What the exercise asks
Could you transcribe exactly the lines below, from the line with "Insatiable dark-hued model" through the line with "レクタンギュラーオクタゴンケース ゴールドケース ローマ数字インデックス", and nothing else, leaving out the pictures?

━━━━━━━━━━━━━━━━

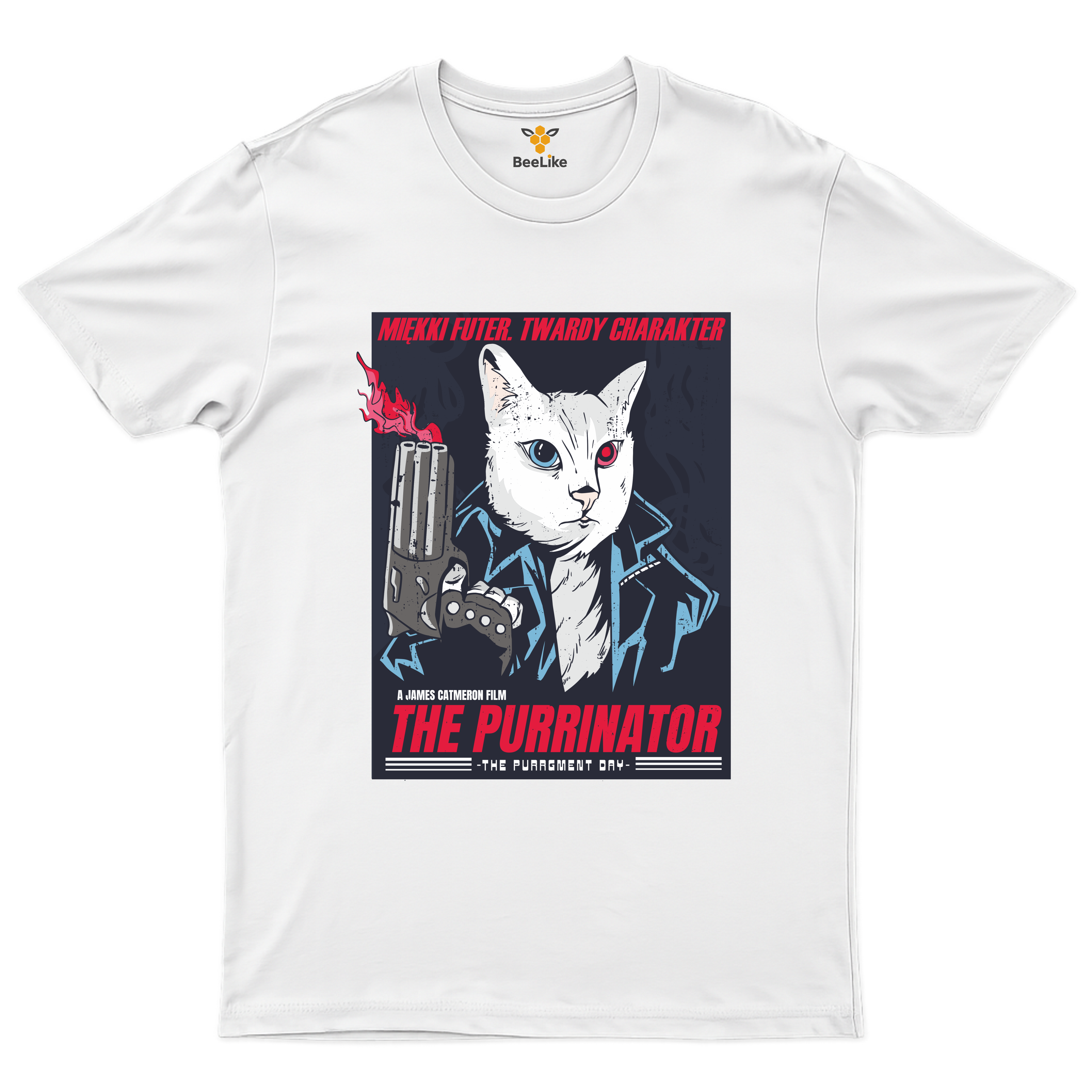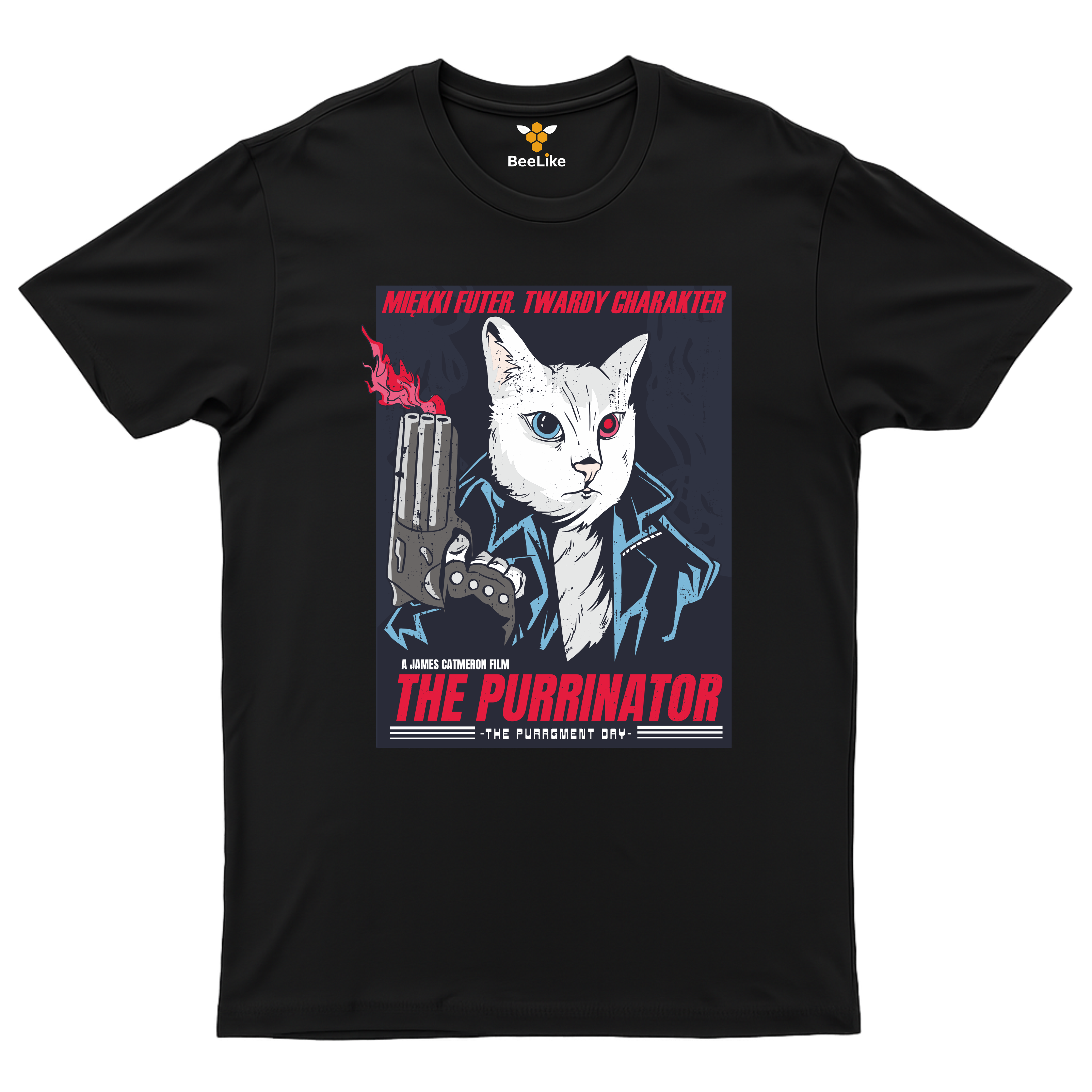 Koszulka męska „THE PURRINATOR” – Miękki futer. Twardy charakter.
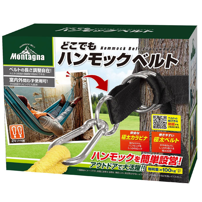 ■樹木の間隔に合わせてベルト長さを調整可能で、極太カラビナでハンモックをしっかりと固定します。
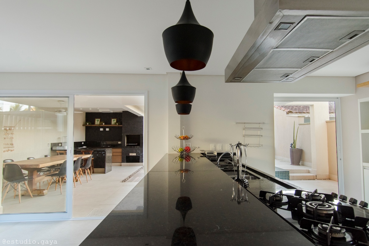 Plaja çok yakın (30 metre). Dinlenmek ve denizin sesini dinlemek için ailenizle birlikte bu konforlu yere gelin. *RİVIERA'DA DEĞİL* 📍 Ev, Praia da Enseada'da, Jardim das Canções semtinde, SESC'nin yanında bulunmaktadır. ✨Çok az hareket olan sessiz sokak 🏠Yeni ve modern bir yapı 🛋️Rahat bir dekor 🍽️İyi donanımlı mutfak ve barbekü alanı 💧 Ozonlu ve güneş enerjisiyle ısıtılan havuz ☀️ Kışın güneş varken maksimum 26°C'ye ulaşır. Derinlik: 1,40m 🚐 Minibüs kabul etmiyoruz.
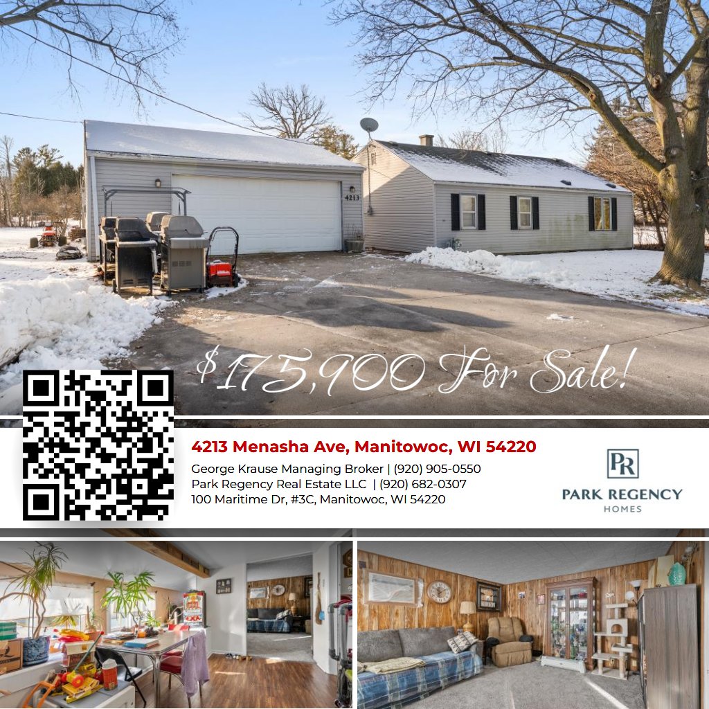 Affordable 3 Bedroom Ranch Style Home with 2.5 Car Detached Garage on spacious corner lot with huge back yard on Manitowocs northside.
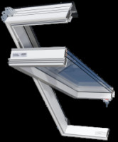 Kyvné plastové strešné okná z PVC sú určené pre budovy s vysokými nárokmi na úsporu tepelnej energie vrátane tých najnáročnejších stavebných konštrukcií. Ich modely s trojsklom sú vybavené paketom s hrúbkou 48 mm s dvoma nízkoemisnými vrstvami. Tie umožňujú získavať maximálnu energiu zo slnečného žiarenia a zároveň znižujú tepelné straty. Pánty, ktoré sa nachádzajú uprostred krídla umožňujú jeho otočenie o 180°.
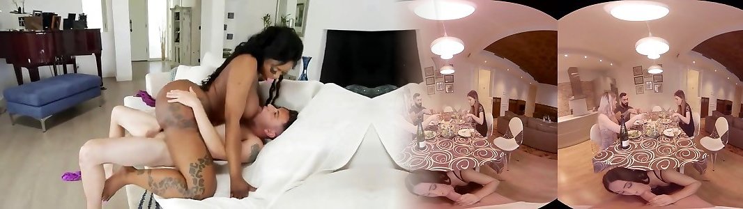 Insatiable dark-hued model Victoria Cakes inhales and rides a giant white pipe
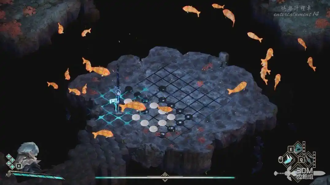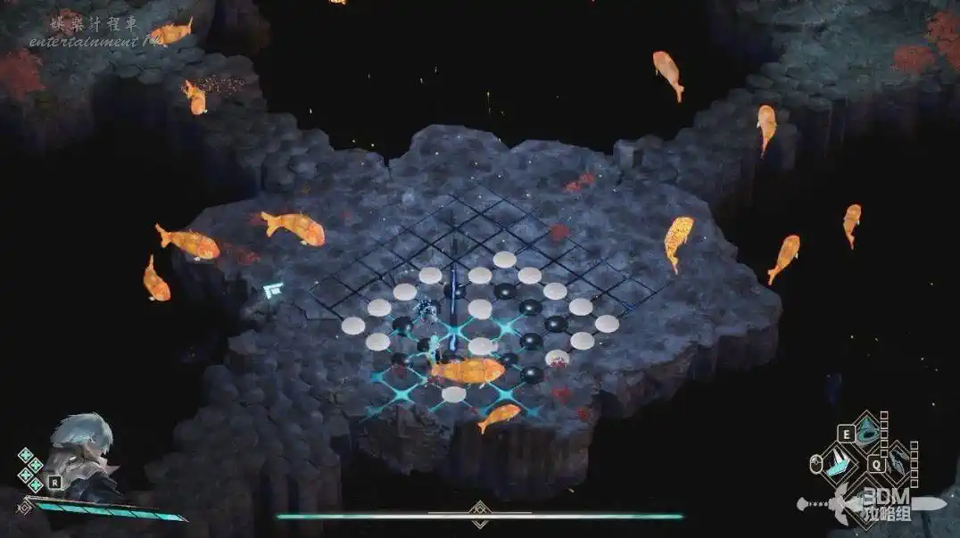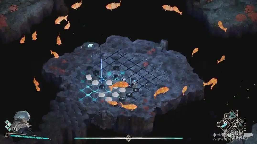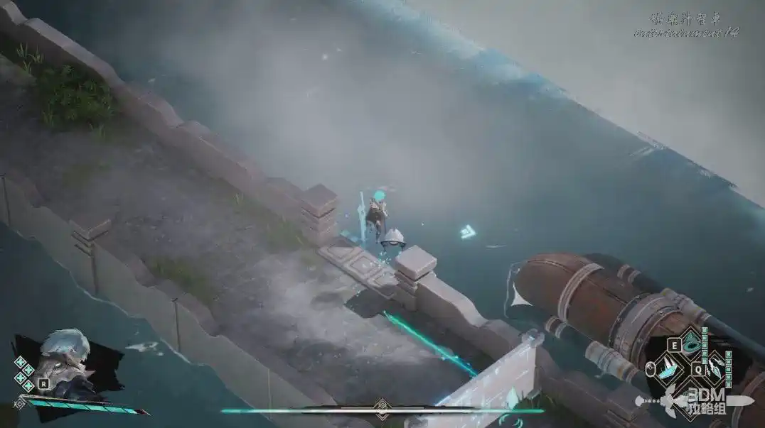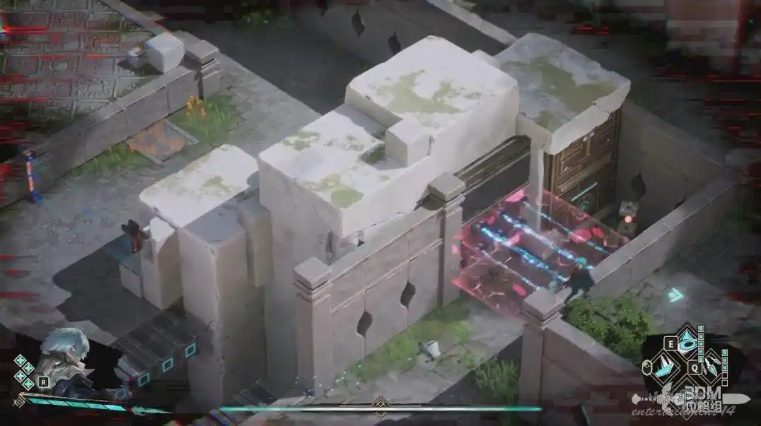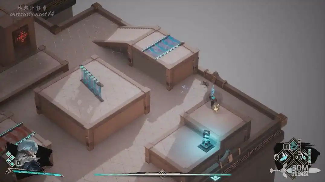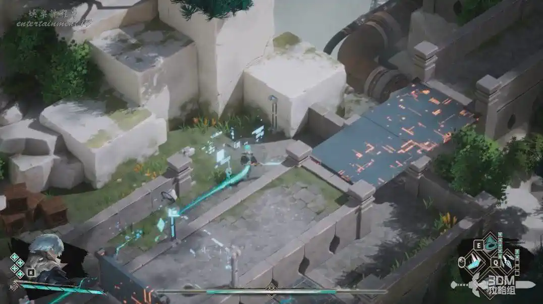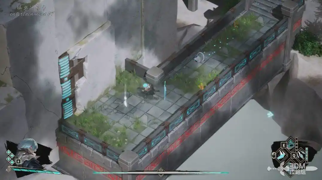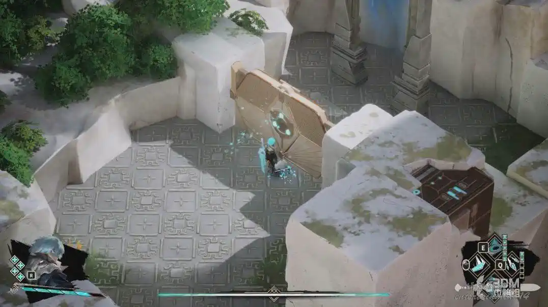 左邊有一個小解密。我們先踩一下右邊的機關,讓白色的平臺過來,我們站在上面,等它貼牆後我們開回溯下去點亮下方的機關,然後回溯就能進門了。這次的魔方還是反覆運算晶片。
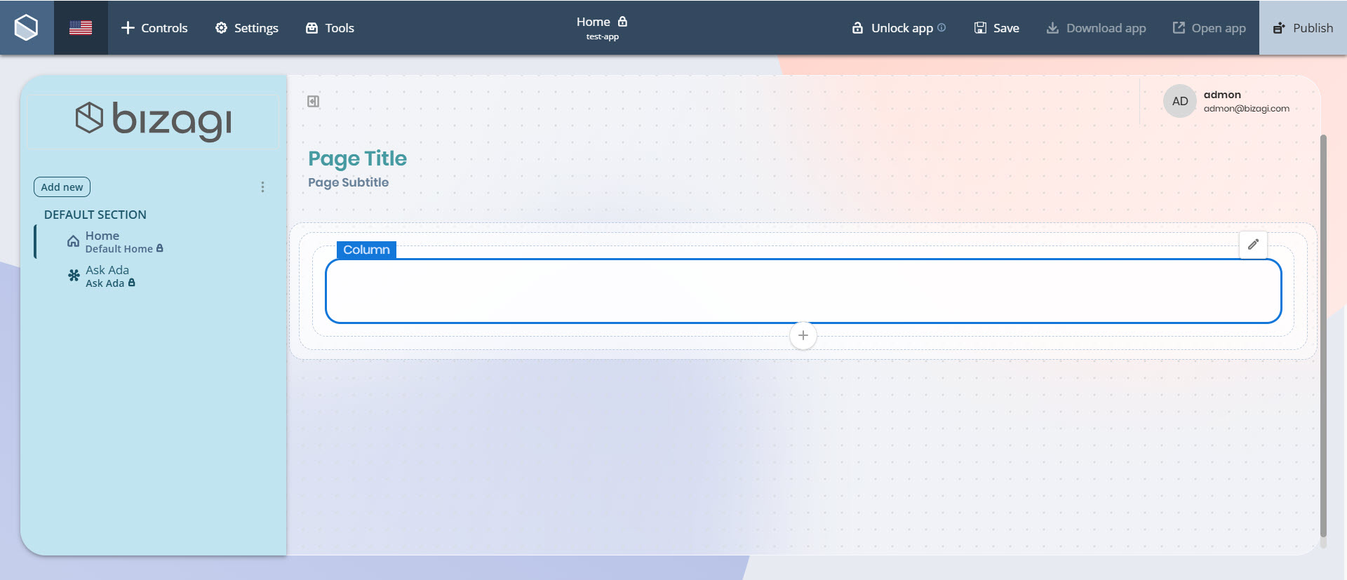 Los contenedores Columna se colocan dentro de las Filas. Estos contienen los Controles utilizados en su app.
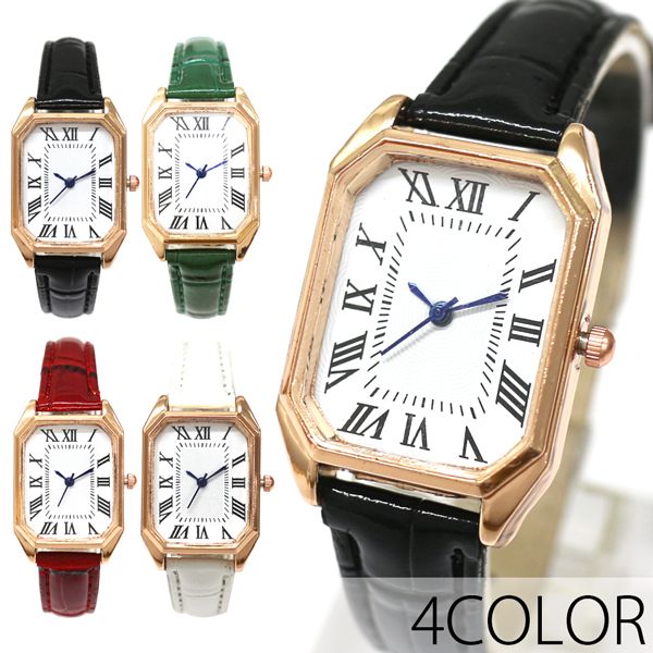 レクタンギュラーオクタゴンケース ゴールドケース ローマ数字インデックス 青針 PUレザーベルト SPST054 レディース腕時計 送料無料
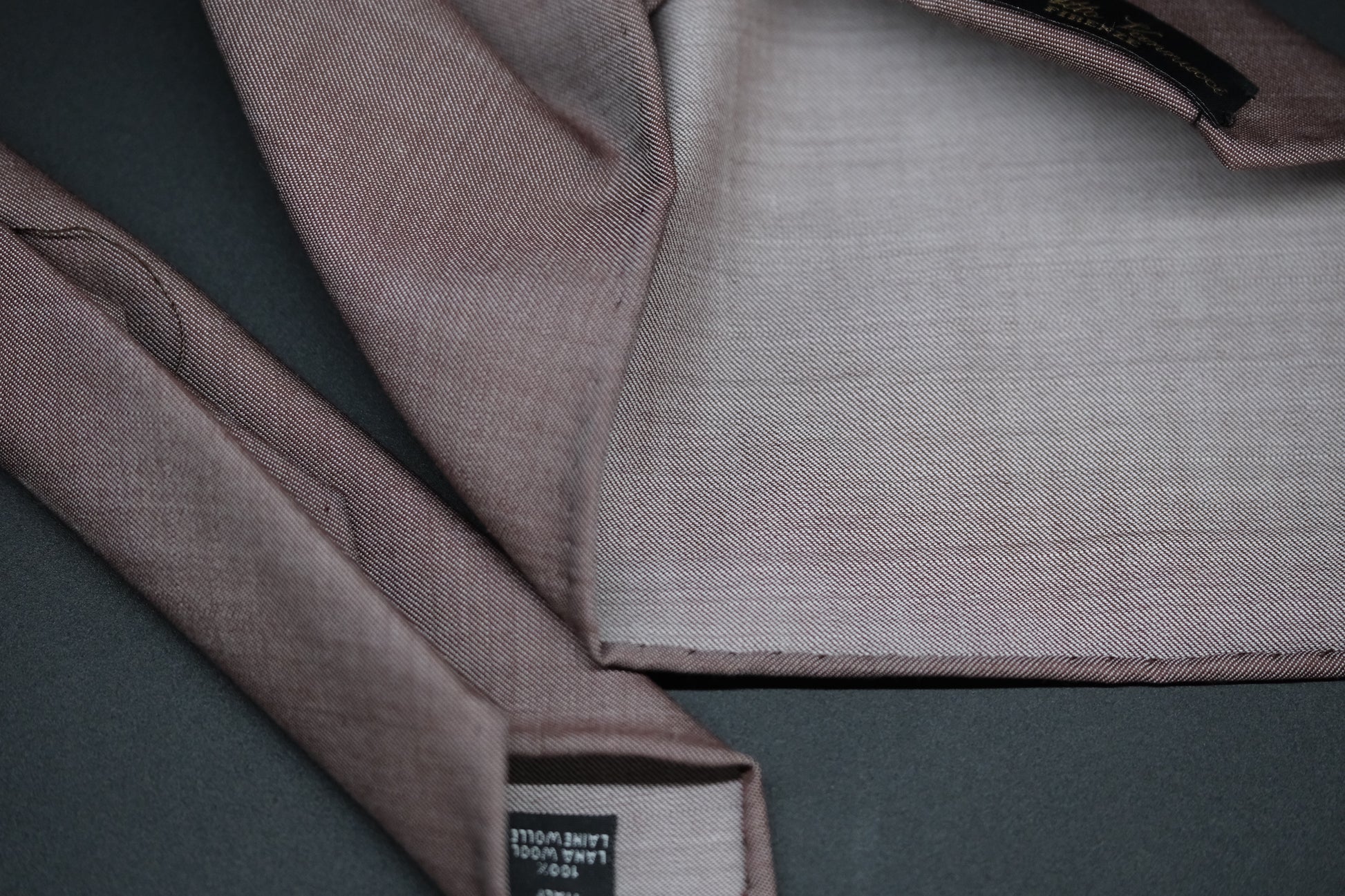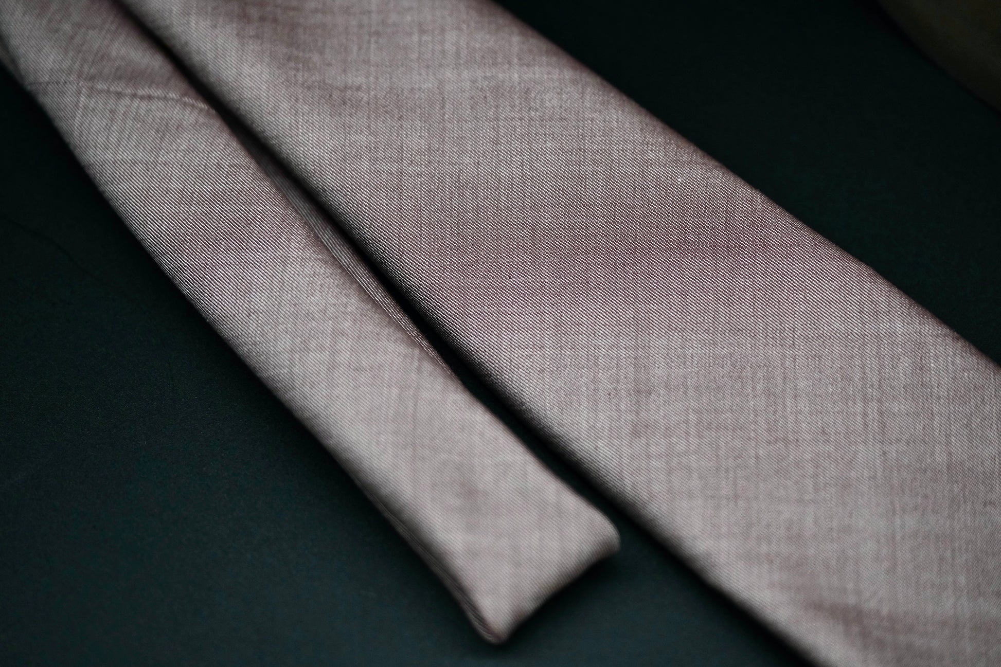 ガチガチにミシンで縫われ、アイロンで潰されたネクタイは捩れ、ハンドで柔らかく生地の伸縮を考えて丁寧に縫われたものはまっすぐ伸びる。

━━━━━━━━━━━━━━━━

Output
 Insatiable dark-hued model Victoria Cakes inhales and rides a giant white pipe
 左邊有一個小解密。我們先踩一下右邊的機關,讓白色的平臺過來,我們站在上面,等它貼牆後我們開回溯下去點亮下方的機關,然後回溯就能進門了。這次的魔方還是反覆運算晶片。
 Los contenedores Columna se colocan dentro de las Filas. Estos contienen los Controles utilizados en su app.
 レクタンギュラーオクタゴンケース ゴールドケース ローマ数字インデックス 青針 PUレザーベルト SPST054 レディース腕時計 送料無料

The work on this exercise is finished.